Blue Smart Dimmer Switches - No Neutral Wiring - Switch LED Flickering - 2 Bypasses Installed

  1. Inovelli Blue Series Smart Dimmer Switch (Zigbee Model: VZM31-SN, Firmware: 2.18)
  2. No Neutral Wiring
  3. Aqara LED Ceiling Light T1M
  4. Running Home Assistant (Zigbee2MQTT)

Issue: I can’t get the LED stable on the blue series switch, even with the 2 bypasses installed. (assuming I have them installed correctly)

I had read other similar issues and turned off:
PeriodicPowerAndEnergyReports
ActivePowerReports
ActiveEnergyReports

Smart Bulb Mode is enabled.
Switch Type: Single Pole

The LED lights on the switch blink consistently when set to 100% LED Intensity when Off and will reboot the entire switch within a couple of seconds.
The LED lights on the switch blink consistently even when set to 50% - 1% LED intensity when off and will occasionally reboot but not every couple of seconds like at 100%.

The installed light never flickers, and when the light is turned on at the switch level, everything works like a champ.

I purchased 6 switches about 6 months ago and haven’t had time to troubleshoot this one. The other switches are installed with the Smart Fan/Light Canopy Module at a ceiling fan location and never have issues, but that is because of how you have to wire it in the non-neutral setup.

Link to Google Photos of All Wiring Pictures and Videos of the Switch Issues. Since taking these photos, I have installed a second bypass with the same results.

Google Photos Link to Wiring Pictures and Videos

I just wanted to get some thoughts on the next steps.

You’re probably wired correctly, but to be double-sure, verify that the white is the hot with it not wired to the switch.
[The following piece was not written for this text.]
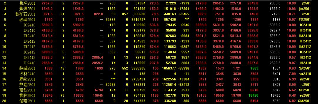 9月最后一个交易日,A股市场房地产板块掀起了涨停潮,众多房企股票表现抢眼。与此同时,商品市场黑色系板块也迎来了全线上涨,截至下午收盘,焦炭、焦煤、玻璃、螺纹钢、热卷均封涨停板,铁矿石涨近11%,硅铁、锰硅涨超6%。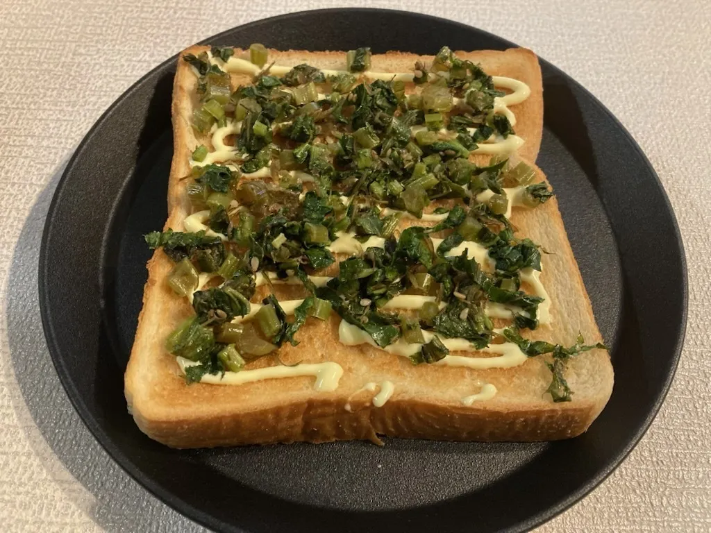 シャキシャキ感触が美味しくてご飯が進みます🍚緑の野菜嫌いな1歳児に出してみたらバクバク完食してて嬉しくなりました👏焼いた食パンの上にマヨネーズかけて、このふりかけをかけて食べるのもオススメです🍞この写真は数日後のタッパーです、最初はこんもりと入ってましたが爆速で減りました〜👍

I see your testing pictures, but your testing with the switch wired.

Your switch needs to be in the Smart Bulb Mode since you are mating with a smart bulb. I know you said SBM was enabled, but if it was, you wouldn’t be able to test at 50% or 1% as you noted. SBM puts out full power and can’t be reduced.
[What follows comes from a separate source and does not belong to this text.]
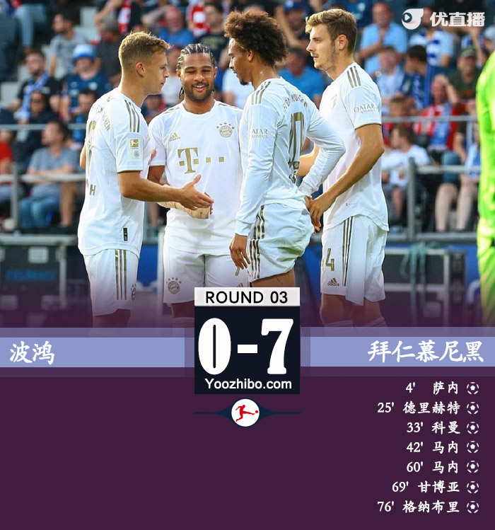 来源:JRS低调看直播08-22 02:02 JRS低调看直播讯:北京时间8月21日23:30,德甲第3轮展开较量,波鸿主场对阵拜仁。上半场刚开场科曼将球回做,萨内劲射破门,之后德利赫特头球破门,随后波鸿后卫出现失误,科曼门前补射将球打进,马内破门被吹手球,一分钟后马内杀入禁区晃过后卫左脚低射破门。下半场科曼造点,马内点射破门,随后甘博亚自摆乌龙,之后格纳布里小角度打门,皮球击中立柱弹入球网。全场结束,波鸿0-7不敌拜仁。

This isn’t your issue, but trim the conductors going into the switch so that no copper is exposed, to ensure you don’t get an inadvertent short.

Smart bulbs and non-neutrals can be problematic. One workaround is to wire the light fixture hot full time. Then send that hot and neutral to the switch box to power the Inovelli. It won’t have a load and will only be a scene controller, which won’t matter since you are controlling a smart bulb.

The only downside to that is that pulling the air gap on the switch will not cut power to the light for when you’re changing a bulb, etc.